(Stored items from a collection)
───
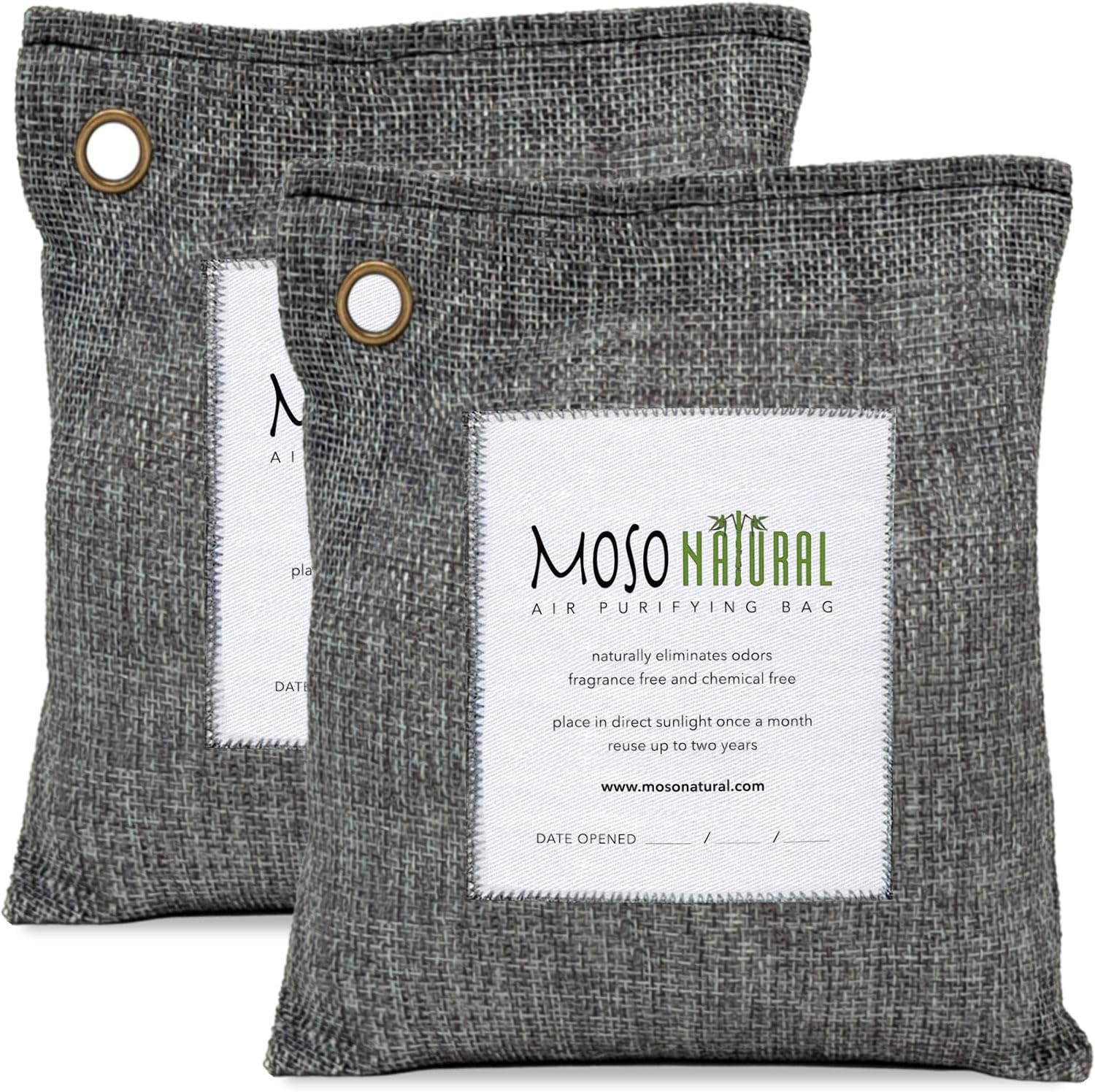 Moso Natural Air Purifying Bag 500g (2 Pack) Premium Bamboo Charcoal Odor Absorber for Home, Bedroom, Kitchen, Basement | Unscented Pet Odor Eliminator | Large Charcoal Deodorizer Bag Covers 250sqft
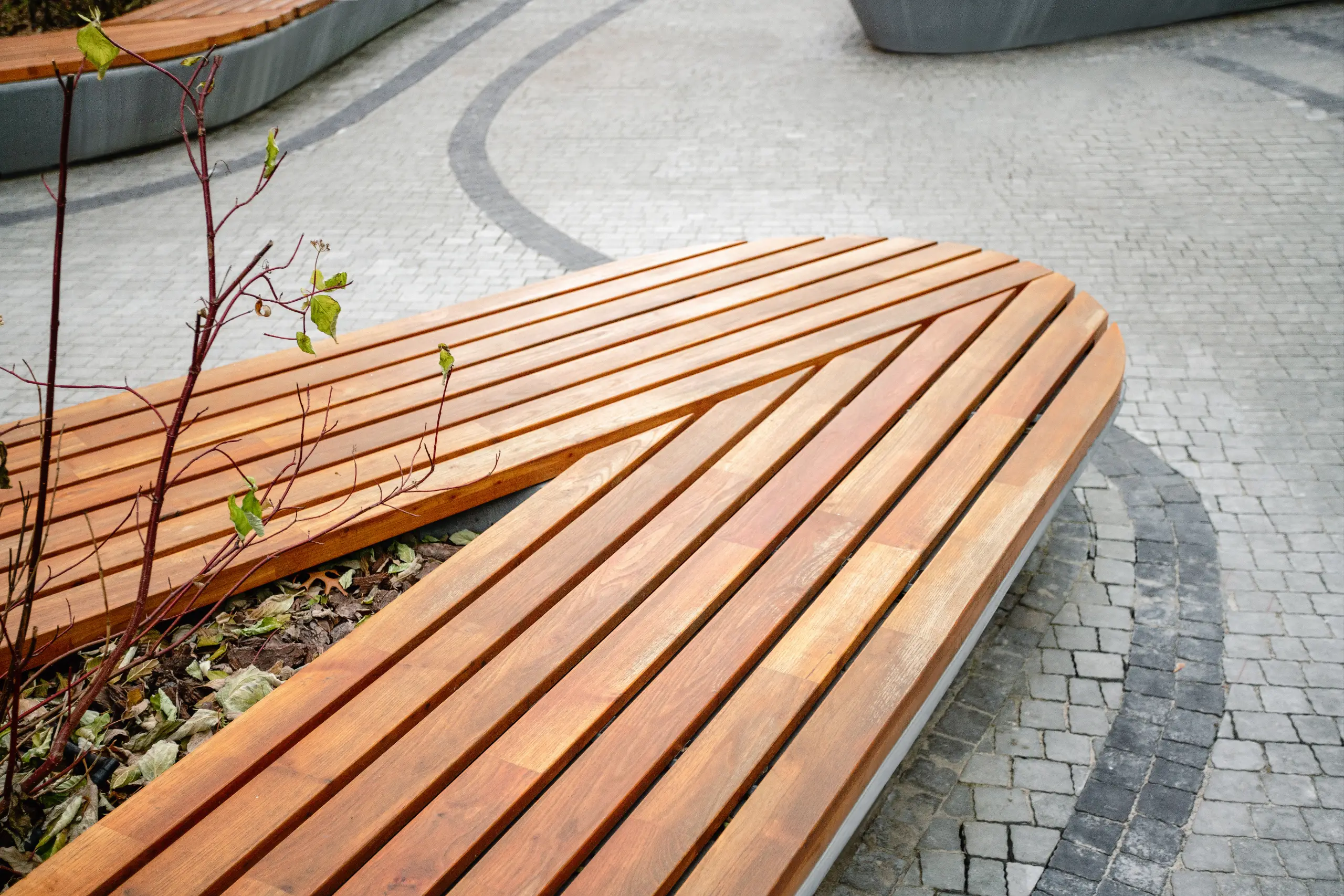 Island-shape zones are oases of landscaping. The green islands of the quiet part of the Coexistence Garden are surrounded by smooth concrete curved benches covered with the strongest Ukrainian wood - acacia. Benches have an increase in the height of seats and a decrease in the place where there are no seats. Inside bushes, there are colourful accents. These are liquidambar trees [literally liquid amber], which turn yellow in five shades in autumn.
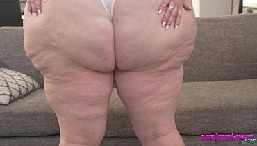 Julie comes down the stairs and shows off every curve and she seductively walks to the couch, twerking and then grabbing her big black dildo to play with. She rides it, shaking her huge booty for the camera.
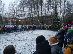 Pünktlich zum ersten Advent traf sich die ganze Schule am Montagmorgen unterm großen Tannenbaum auf dem Burggelände. Heute mit einer ganz besonderen Zugabe: Es hatte in der Nacht geschneit und der Schnee war glücklicherweise liegen geblieben. Alle Kinder sangen bekannte Weihnachtslieder wie „Wir sagen euch an den lieben Advent“, „Dicke rote Kerze“ oder „Lasst uns froh und munter sein“. Anschließend gingen die Kinder zurück in die Klassen und die (unechten) Kerzen auf den Adventskränzen wurden entzündet und die ersten Kapitel der Weihnachtsbücher gelesen. Die magische Zeit beginnt mit einem tollen Schneetag!
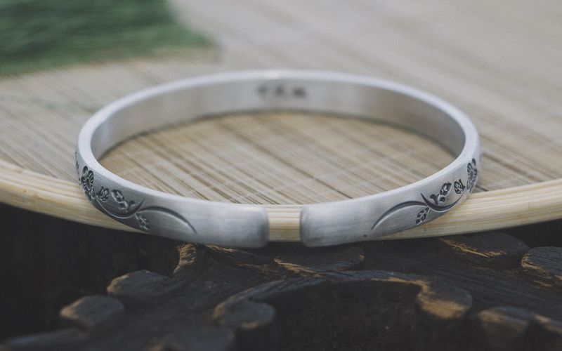 สร้อยแขนเงินหิมะทำจากเงินบริสุทธิ์ 999‰ แกะสลักลวดลายและคำอวยพรตามความเชื่อของชนเผ่านาซี เป็นเครื่องประดับที่มีทั้งความหมายดีและความงดงามในชิ้นเดียว
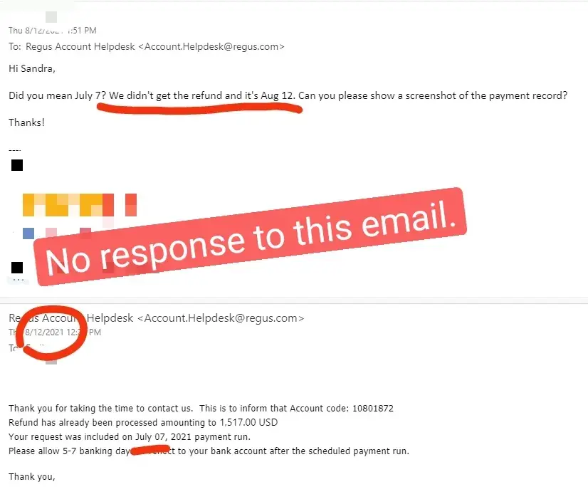 Regus sent a confirmation of termination email and email chain was also started about the refund for canceled services and retainer.
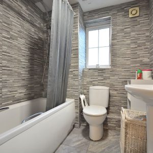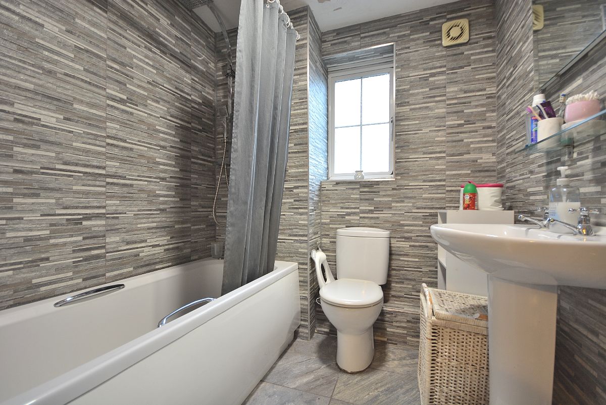 A modern fully tiled bathroom with three piece suite comprising a panelled bath with internally plumbed shower over, wash hand basin and a low flush WC. There is also a radiator, ceiling lighting and an obscure double glazed window.
───
**Exercise objective:**
Please reproduce the entries above line by line, exactly, leaving out each image.

**Your solution:**
 Moso Natural Air Purifying Bag 500g (2 Pack) Premium Bamboo Charcoal Odor Absorber for Home, Bedroom, Kitchen, Basement | Unscented Pet Odor Eliminator | Large Charcoal Deodorizer Bag Covers 250sqft
 Island-shape zones are oases of landscaping. The green islands of the quiet part of the Coexistence Garden are surrounded by smooth concrete curved benches covered with the strongest Ukrainian wood - acacia. Benches have an increase in the height of seats and a decrease in the place where there are no seats. Inside bushes, there are colourful accents. These are liquidambar trees [literally liquid amber], which turn yellow in five shades in autumn.
 Julie comes down the stairs and shows off every curve and she seductively walks to the couch, twerking and then grabbing her big black dildo to play with. She rides it, shaking her huge booty for the camera.
 Pünktlich zum ersten Advent traf sich die ganze Schule am Montagmorgen unterm großen Tannenbaum auf dem Burggelände. Heute mit einer ganz besonderen Zugabe: Es hatte in der Nacht geschneit und der Schnee war glücklicherweise liegen geblieben. Alle Kinder sangen bekannte Weihnachtslieder wie „Wir sagen euch an den lieben Advent“, „Dicke rote Kerze“ oder „Lasst uns froh und munter sein“. Anschließend gingen die Kinder zurück in die Klassen und die (unechten) Kerzen auf den Adventskränzen wurden entzündet und die ersten Kapitel der Weihnachtsbücher gelesen. Die magische Zeit beginnt mit einem tollen Schneetag!
 สร้อยแขนเงินหิมะทำจากเงินบริสุทธิ์ 999‰ แกะสลักลวดลายและคำอวยพรตามความเชื่อของชนเผ่านาซี เป็นเครื่องประดับที่มีทั้งความหมายดีและความงดงามในชิ้นเดียว
 Regus sent a confirmation of termination email and email chain was also started about the refund for canceled services and retainer.
 A modern fully tiled bathroom with three piece suite comprising a panelled bath with internally plumbed shower over, wash hand basin and a low flush WC. There is also a radiator, ceiling lighting and an obscure double glazed window.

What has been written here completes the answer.